Shareholder rights scrutinised in landmark case

The Court of Appeal’s ruling examines fiduciary duties and corporate governance through the Saxon Woods case
The recent case of Saxon Woods Investments Limited v Francesco Costa has garnered attention for its examination of shareholder rights and director responsibilities within corporate governance. Delivered by the Court of Appeal of England and Wales on 9 June 2025, the judgement navigates complex issues surrounding allegations against Mr Francesco Costa, chairman of Spring Media Investments Limited, who reportedly managed the company in a manner detrimental to minority shareholder Saxon Woods Investments Limited ("SW").
The case originated from a petition filed under section 994 of the Companies Act 2006, which focuses on unfairly prejudicial conduct towards shareholders. This appeal followed a 2024 ruling by Deputy High Court Judge Mr Simon Gleeson, who determined whether the management of the company's affairs unfairly disadvantaged SW. The court ultimately mandated Mr Costa to buy out SW's shares, addressing significant underlying concerns about corporate governance.
Saxon Woods held a 22.33% share in the company while Mr Costa possessed a substantial indirect interest estimated at around 30%. The core issue revolved around the company's non-compliance with a shareholder agreement (SHA) requiring it to pursue an 'Exit' strategy by the end of 2019. The judge noted that the company's failure to achieve this Exit was primarily due to Mr Costa’s failure to act in good faith, thus classifying his conduct as unfairly prejudicial towards SW.

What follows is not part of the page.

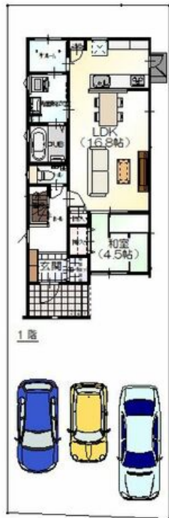
※プラン図面の為施工途中で変更の可能性があります

The judgement highlighted Mr Costa's intentions, revealing a belief that postponing the Exit might be in the best interest of all shareholders. However, the court found this stance contradicted the explicit agreements outlined in the SHA. This situation raised essential questions about the fiduciary duties owed by directors to their shareholders, probing whether Mr Costa’s actions exhibited good faith or were largely self-serving.
Critically, the court observed that Mr Costa’s disregard for potential buyers constituted a breach of the agreement’s stipulation for good faith consideration of exit opportunities. The court emphasised a significant legal principle: that unfairness can exist independently from financial harm suffered by a shareholder. This principle was particularly pertinent in shaping the court's determination.
In addressing Mr Costa's defence concerning allegations of breaching his fiduciary duties, the Court of Appeal overruled the previous judgement's characterisation of his conduct. It affirmed that he had indeed violated section 172 of the Companies Act, which mandates directors to act in the best interests of the company. The court noted that justifications based on personal beliefs do not absolve directors from their obligations to the board and to fellow shareholders.
As the judgement concluded, it mandated that arrangements be made for the buy-out of SW’s shares at a fair market value as of 31 December 2019, despite any depreciation in the company’s worth following external challenges, including the Covid-19 pandemic.
Saxon Woods Investments Limited v Francesco Costa serves as a pivotal reminder of the essential nature of equitable treatment for shareholders and the rigorous obligations imposed upon directors in corporate governance. The implications of this ruling extend beyond this individual case, underscoring the necessity for directors to fulfil their fiduciary responsibilities towards all shareholders consistently and transparently, regardless of personal interests.